XXX. O Recorrente não especifica quais os pontos da matéria de facto que considera incorrectamente julgados pelo douto Tribunal a quo, nem indica qual a resposta que se imporia relativamente aos quesitos da Base Instrutória que alegadamente queria impugnar, nomeadamente os quesitos 20º e 21º.
XXXI. O Recorrente não especifica quais os meios probatórios, constantes dos autos, que impunham, sobre esses pontos da matéria de facto, decisão diversa da recorrida.
XXXII. Impunha-se ao Recorrente o ónus de indicar as passagens da gravação da prova em que se funda o alegado erro na apreciação da prova.
XXXIII. Outra não poderá ser a decisão do Tribunal ad quem senão a de rejeitar o presente recurso, por violação do disposto no artigo 599.º do CPC.
XXXIV. Não resulta da prova testemunhal produzida em sede de repetição do julgamento nem da prova documental junta aos autos nada que pudesse levar à concretização de quantos e quais os dias o Recorrente trabalhou efectivamente para as Recorridas, pelo que as respostas aos quesitos 20º e 21º nunca poderiam ter sido outras.
XXXV. A resposta aos quesitos 20º e 21º não merece, salvo devido respeito, qualquer censura por banda desse Venerando Tribunal.
XXXVI. Segundo o princípio da livre apreciação das provas, consagrado no artigo 558º, nº 1 do CPC, o tribunal aprecia livremente as provas, sem qualquer grau de hierarquização, nem preocupação quanto à natureza de qualquer delas, e fixa a matéria de facto em sintonia com a convicção que tenha firmado acerca de cada facto controvertido.
XXXVII. É jurisprudência uniforme que o princípio da livre apreciação das provas, ou do julgamento livre, não pode ser subvertido pela garantia do duplo grau de jurisdição, nem pode significar a desvalorização da sentença de 1ª instância, que passaria a ser uma espécie de “ensaio” do verdadeiro julgamento a efectuar pelo Tribunal de Segunda Instância.

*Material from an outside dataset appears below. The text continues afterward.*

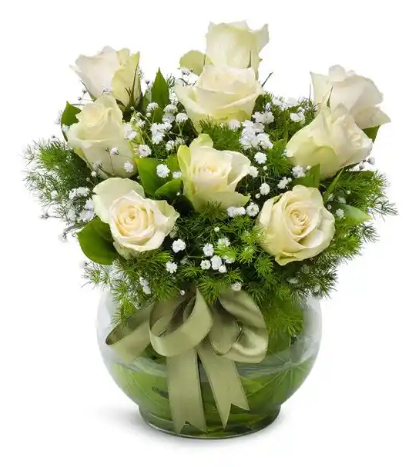 9 adet beyaz gül kaliteli yeşillikler cam fanus ürün boyu yaklaşık 30-35 cm dir stok durumuna bağlı olarak gül rengi farklı olabilir

XXXVIII. Na formação da convicção do julgador entram, necessariamente, elementos que não podem ser transpostos para a gravação da prova, e factores que não são racionalmente demonstráveis, de tal modo que a função do Tribunal de Segunda Instância deverá circunscrever-se a apurar da razoabilidade da convicção probatória do Tribunal a quo face aos elementos que lhe são apresentados.
XXXIX. A testemunha no primeiro julgamento não foi confrontada com a concretização do número de dias em que o Autor trabalhou, tendo apenas agora essa questão sido suscitada.

XL. O Tribunal a quo não julgou credível depoimento da testemunha.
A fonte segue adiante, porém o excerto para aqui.